Action item:
What is needed is the full listing written out exactly, minus the pictures.

Stored data:
--------------------------------
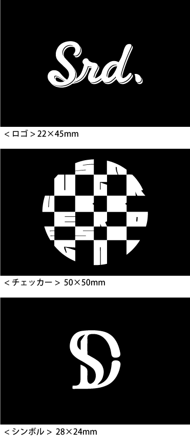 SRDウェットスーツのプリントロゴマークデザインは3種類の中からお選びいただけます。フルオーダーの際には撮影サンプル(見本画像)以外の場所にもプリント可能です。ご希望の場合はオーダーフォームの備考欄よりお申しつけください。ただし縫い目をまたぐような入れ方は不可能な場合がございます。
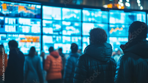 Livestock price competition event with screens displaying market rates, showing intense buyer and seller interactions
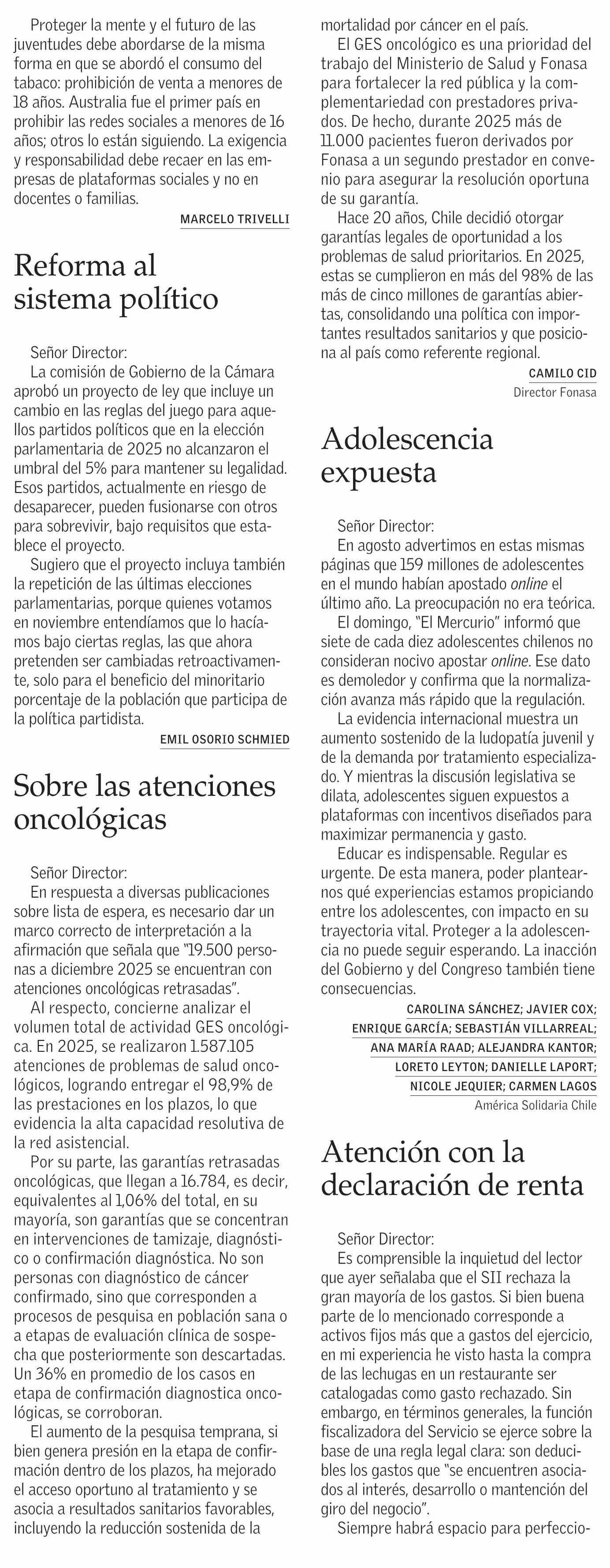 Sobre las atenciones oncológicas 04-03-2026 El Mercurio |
--------------------------------
Result of this exercise:
 SRDウェットスーツのプリントロゴマークデザインは3種類の中からお選びいただけます。フルオーダーの際には撮影サンプル(見本画像)以外の場所にもプリント可能です。ご希望の場合はオーダーフォームの備考欄よりお申しつけください。ただし縫い目をまたぐような入れ方は不可能な場合がございます。
 Livestock price competition event with screens displaying market rates, showing intense buyer and seller interactions
 Sobre las atenciones oncológicas 04-03-2026 El Mercurio |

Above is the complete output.